What we learnt from analysing Pinterest data with machine learning

Heads up: Our Ideas Factory has been refreshed, levelled up, and grown-up into Alphero Intelligence. Some of our old posts are pretty cool tho'. Check this one out.

Mobile phone showing a grid of photos. Photo by charlesdeluvio on Unsplash

What data can we extract from a Pinterest board that can be used to filter search results, or inform new product ideas?
Image information: Who gives you more? Pinterest or Google?
We’re going to need a load more training material to teach machines about Scandi design.

Pinterest self-identifies as a visual discovery engine. It has long established itself as the go-to platform for inspiration boards — whether you’re painting a portrait, designing a costume, or decorating your home. There are over 200 billion pins saved on Pinterest; two-thirds of which are related to brands and products. It’s a haven for product discovery.

So, naturally, we wanted to see what data we could extract from a Pinterest board to inform new product ideas.

From inspiration boards to real-world purchases

Could we train a machine learning model on a particular Pinterest board, to find our inspiration items at a hardware or furniture store?

pinterest hardware store — Turning Courtyard Garden inspiration into real products

What information can we get straight from Pinterest?

There’s a limited amount of data that the Pinterest API will return.

Code snippet from Pinterest API — Not much info!

As you can see, most of the interesting contextual data is in the notes. If we analyse the notes of each Pin pinned to a Pinterest Board, surely we can get some interesting stuff back, right?

Contextual data from notes in Pinterest API — Turning this...

Snapshot of Pinterest dataset — ... into this!

This gives us way more insight into some of the keywords commonly associated with the Board and its Pins, but the information that is really relevant is buried into general classification which is complex to sift through.

What can we discover about an image with Google Cloud Vision?

Compared to the surface-level data generously provided to us by Pinterest themselves, it would be fair to hypothesise that we could derive more detailed insights using Google Cloud’s pre-trained machine learning models.

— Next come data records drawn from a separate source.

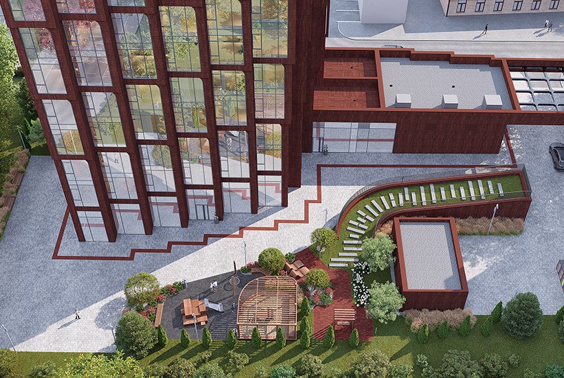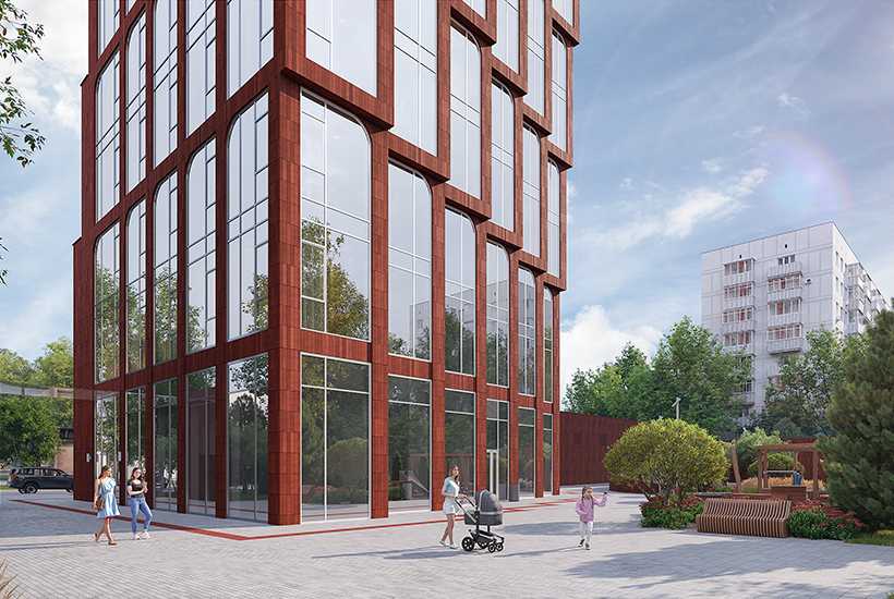 Внутренняя инфраструктура. Перед входной группой сделают стеклянный навес. На территории оборудуют детскую площадку. На одном подземном уровне появится паркинг на 34 машино-места и 20 кладовых.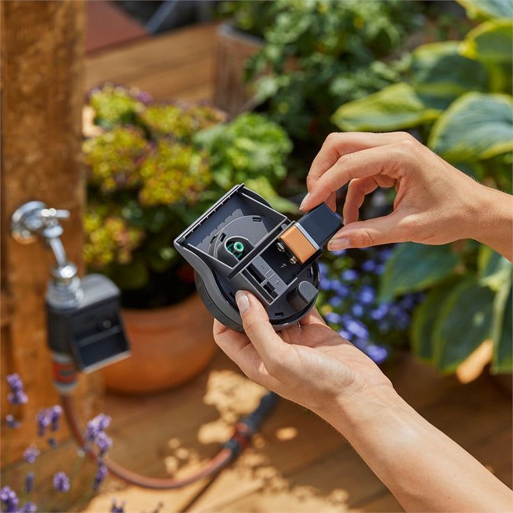Thanks to its extra-short watering cycles, the Flex Water Computer is the perfect match for drip-irrigation systems and the little-but-often watering needs of pot plants. The integrated battery level display indicates 4 battery levels: up to 1 year, min. 4 weeks, max. 4 weeks and too weak to use. The Safe Water Stop function verifies that there is enough battery power to complete the upcoming watering cycle. If not, the cycle is not commenced.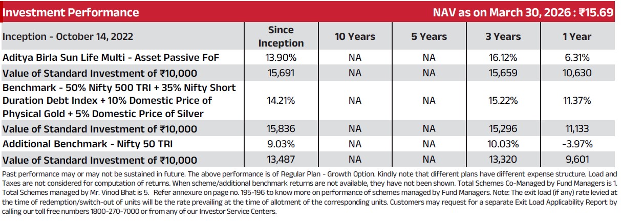 | Aditya Birla Sun Life Multi – Asset Passive FOF An open-ended fund of funds scheme investing in Exchange Traded Funds and Index Funds. |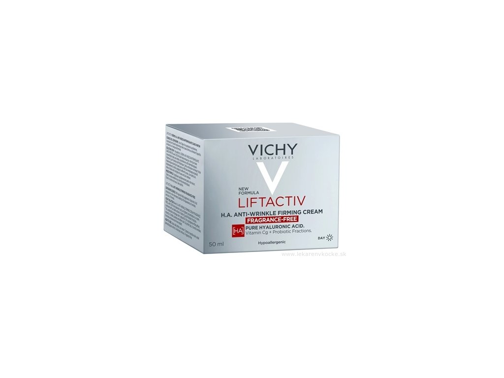 VICHY Liftactiv H.A. zpevňující krém proti vráskám - bez parfemace. VĚDA O EXPOSOMU: S postupujícím věkem a každodenním působením agresorů klesá produkce kyseliny hyaluronové v pokožce, což vede ke vzniku vrásek a ztrátě pevnosti pleti. ŘEŠENÍ VICHY: Novinka H.A. ZPEVŇUJÍCÍ KRÉM PROTI VRÁSKÁM – BEZ PARFUMACE s 0,5 % čisté kyseliny hyaluronové v kombinaci s vitamínem Cg a probiotickými frakcemi. Doplňuje hladinu kyseliny hyaluronové v pokožce a má vyplňující účinek. Po aplikaci pleť působí více tonizovaná a pevnější. Koriguje vzhled vrásek a jemných linek, pleť působí více rozjasněná.
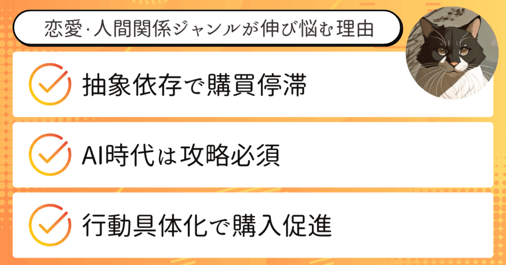 さらに、恋愛・人間関係ジャンルのように一見抽象的で難しそうに見える分野でも、実践に基づく具体的な攻略要素を含めるだけで、内容は一気に価値あるものへ変わります。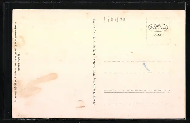 Personenbezogene Daten auf der Rückseite der Karte wurden durch blauen Textmarker unkenntlich gemacht. Die blauen Stellen sind auf die Vorderseite durchgeweicht und wirken sich negativ auf das Postkartenfoto aus
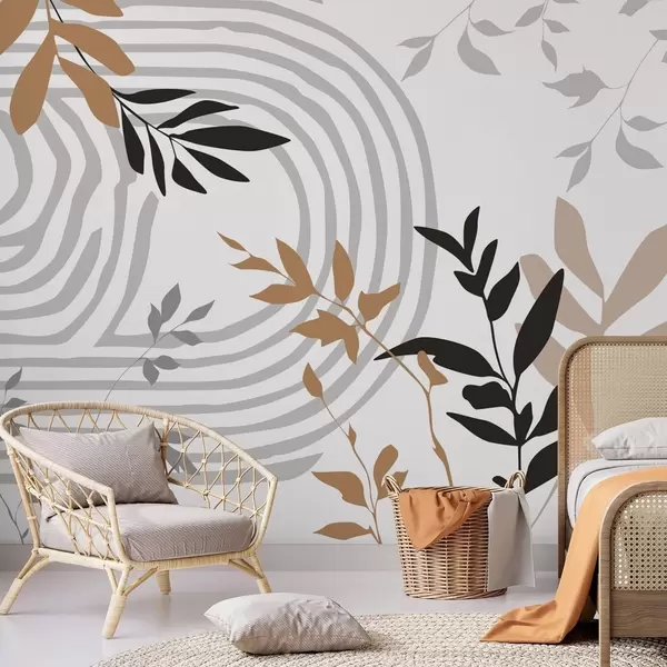 Fotobehang Abstracte plantensilhouetten en lijnen N° w05374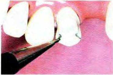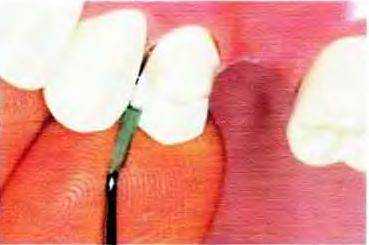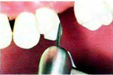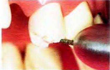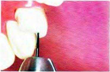 Рис. 5-19. Препарирование проксимальной поверхности со стороны соседнего зуба начинают коротким копьевидным алмазным бором. В этой области бор наиболее эффективен при работе пилообразных движений вверх и вниз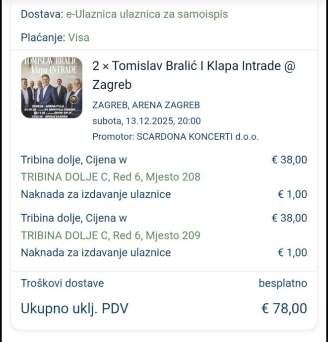 2 ulaznice za 13.12.

Showing what information a user can get from a Pinterest Pin — Taking a Pin, and getting a whole bunch of information from it. Source Pinterest

We had way more success extracting data from individual pins than from entire Pinterest boards. At a Pin-level, it was much easier to extract a colour palette and objects from a photo using computer vision. But these labels and object classifications are still way too broad to accurately use for online shopping purposes. Chair? Plant? Table? Well, yeah…

What else could we do with Pinterest?

Pinterest has its own tool for finding visually similar results, but it also has its mishaps.

Pinterest visually showing similar results for a search — Close enough — Let’s just hang door knobs from the kitchen ceiling!

User search on Pinterest for kitchen lights — We can do better. Source Pinterest

If we have a detailed enough image, consisting of a number of objects, we can use the Pinterest API to extract more granular data.

But as for taking those labels and chucking them into online stores as search queries?

search queries on Esty vs Amazon — Source Etsy and Amazon

It doesn’t go well.

Machines can recognise things, but just can’t categorise them accurately with the limited amount of training we were able to do based on Pinterest. Sometimes the style is more relevant than the literal object — for example, Scandinavian design. We can return more meaningful results via computer vision than we can with frequency analysis, but it needs refinement. Iterating parts of images over and over might also yield better results. We’re going to need a load more training material to teach machines about Scandi.

Regardless, even if we can get perfect information from an image, it doesn’t matter if our catalogue doesn’t return results based on that information. Search performance is important and proper tagging within a catalogue will dictate the meaningfulness of results. That’s our takeaway.